=== Materials provided ===

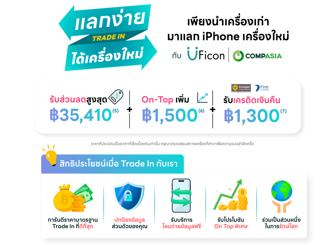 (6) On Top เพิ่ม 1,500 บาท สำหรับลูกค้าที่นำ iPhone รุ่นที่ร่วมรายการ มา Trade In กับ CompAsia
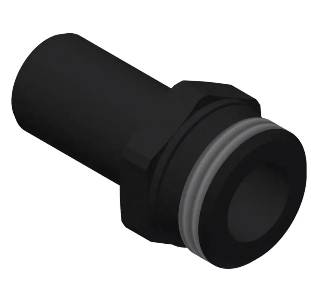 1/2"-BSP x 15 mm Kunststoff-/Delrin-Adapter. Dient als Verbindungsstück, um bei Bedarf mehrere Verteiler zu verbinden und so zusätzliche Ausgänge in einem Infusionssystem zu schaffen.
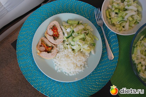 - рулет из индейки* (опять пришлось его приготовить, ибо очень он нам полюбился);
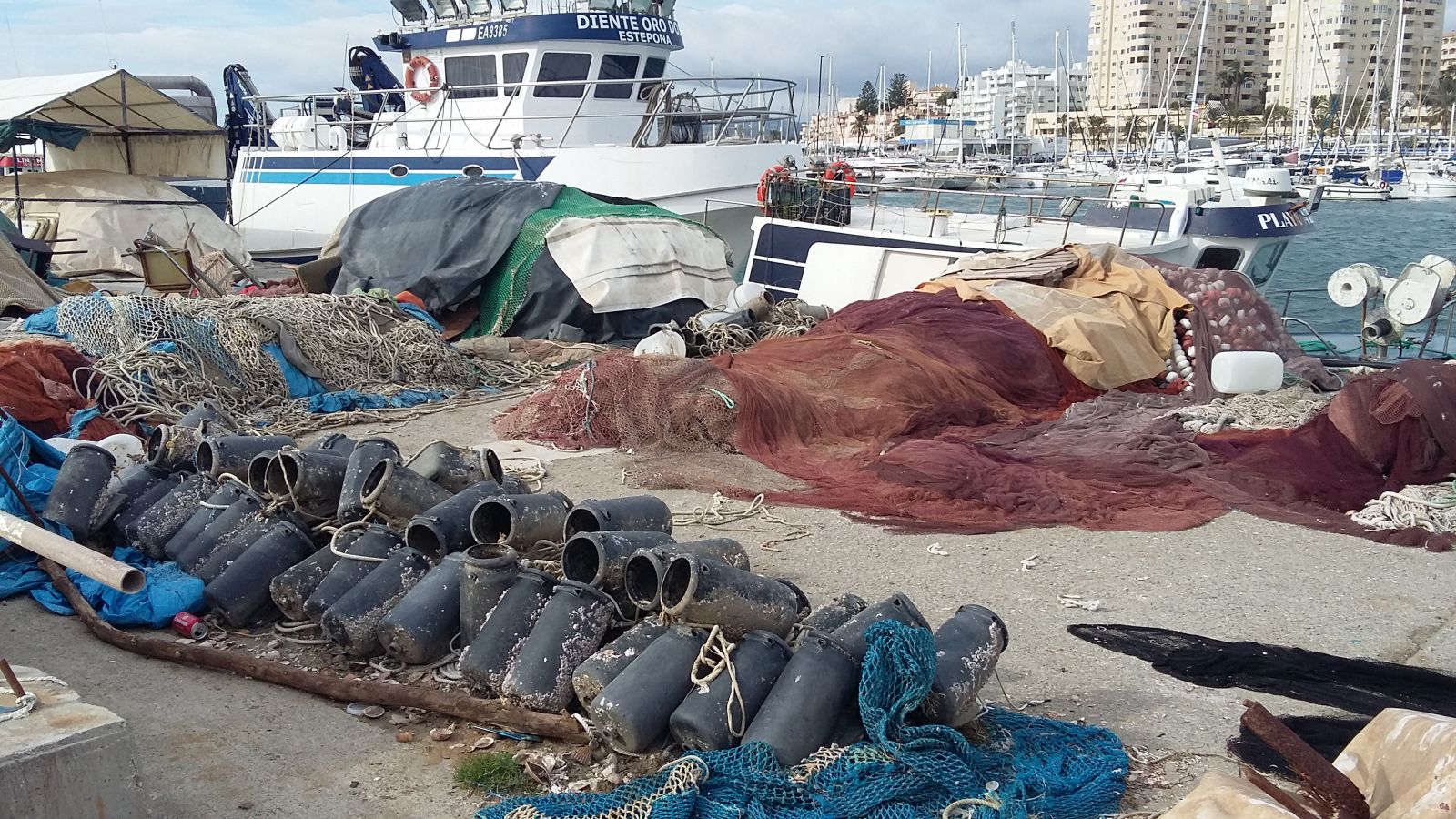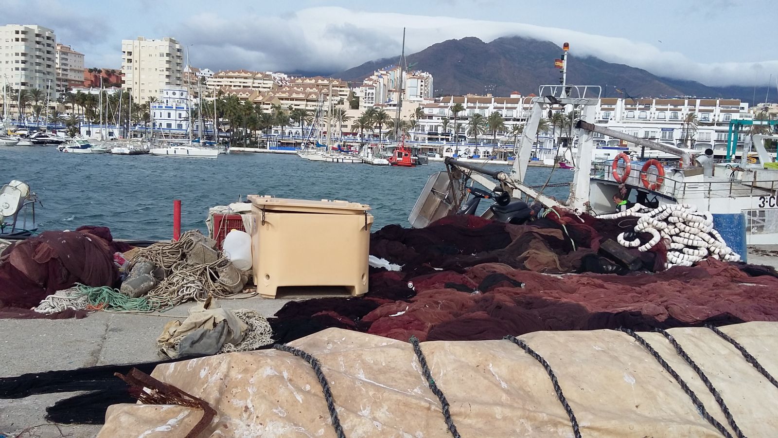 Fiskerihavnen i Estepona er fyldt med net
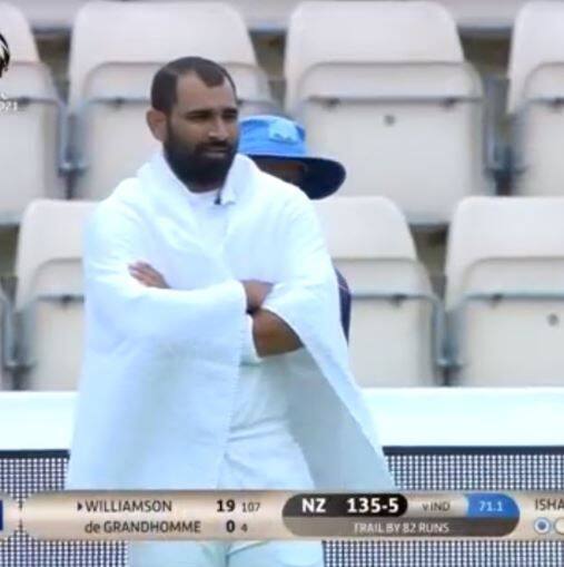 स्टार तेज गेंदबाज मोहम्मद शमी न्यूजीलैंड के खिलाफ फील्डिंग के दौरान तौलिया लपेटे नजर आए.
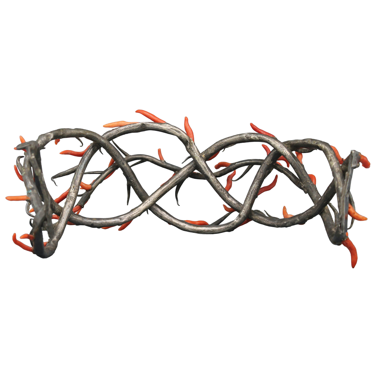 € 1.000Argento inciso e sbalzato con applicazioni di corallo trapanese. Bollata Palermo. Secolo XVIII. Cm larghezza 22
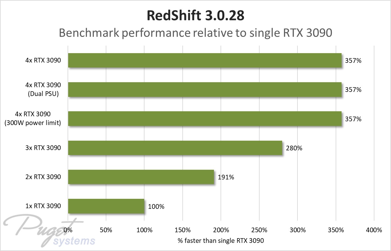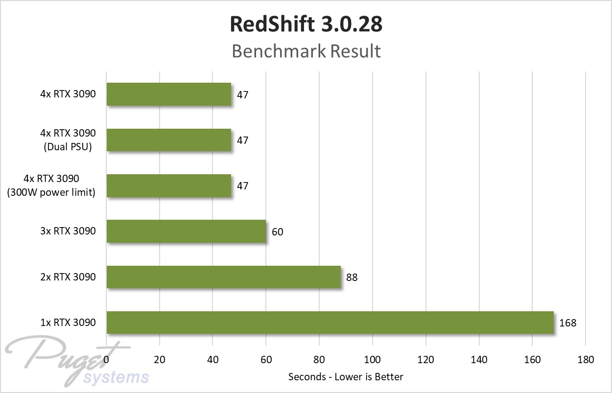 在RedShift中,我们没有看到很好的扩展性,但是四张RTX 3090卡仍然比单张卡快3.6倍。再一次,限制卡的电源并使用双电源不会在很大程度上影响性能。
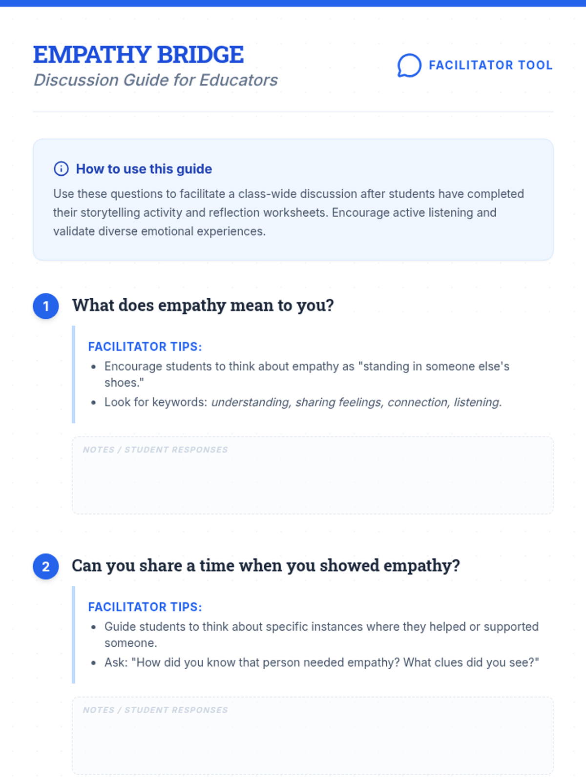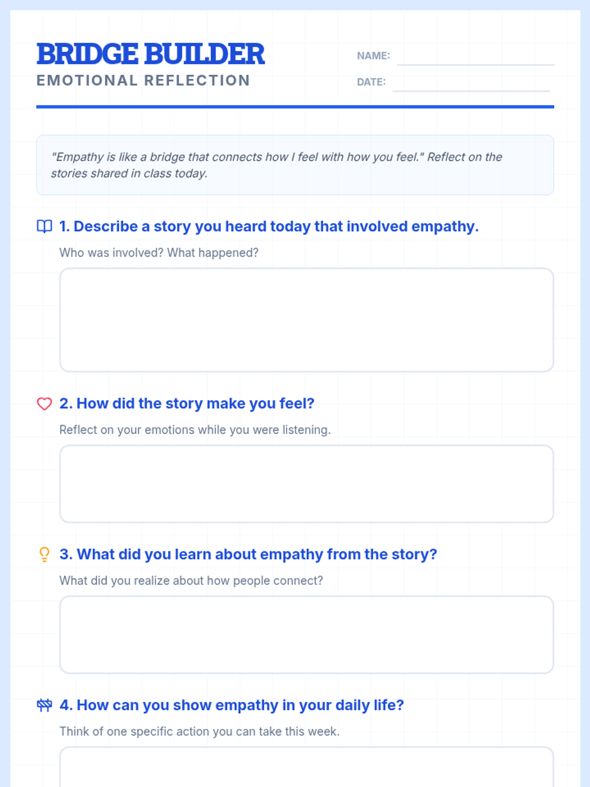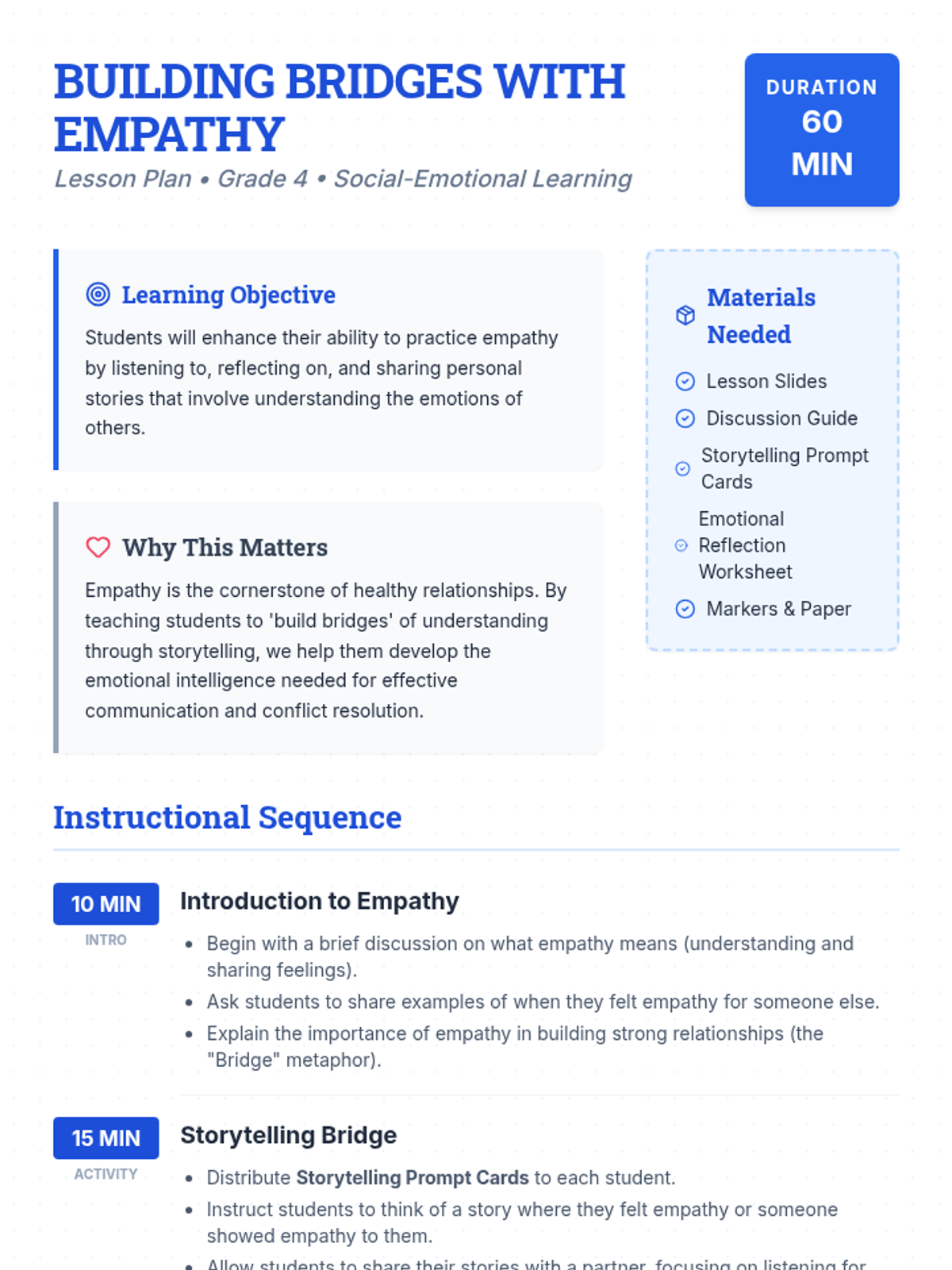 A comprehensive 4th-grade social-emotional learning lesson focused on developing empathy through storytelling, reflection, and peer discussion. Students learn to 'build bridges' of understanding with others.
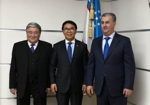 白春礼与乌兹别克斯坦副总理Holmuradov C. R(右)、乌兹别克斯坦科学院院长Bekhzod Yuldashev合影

===

> **Exercise aim**
Your task is to transcribe, exactly and without additions, every line from the one that contains "在RedShift中,我们没" to the end of the entries above, both included. Omit all pictures.

> **Result below**
 在RedShift中,我们没有看到很好的扩展性,但是四张RTX 3090卡仍然比单张卡快3.6倍。再一次,限制卡的电源并使用双电源不会在很大程度上影响性能。
 A comprehensive 4th-grade social-emotional learning lesson focused on developing empathy through storytelling, reflection, and peer discussion. Students learn to 'build bridges' of understanding with others.
 白春礼与乌兹别克斯坦副总理Holmuradov C. R(右)、乌兹别克斯坦科学院院长Bekhzod Yuldashev合影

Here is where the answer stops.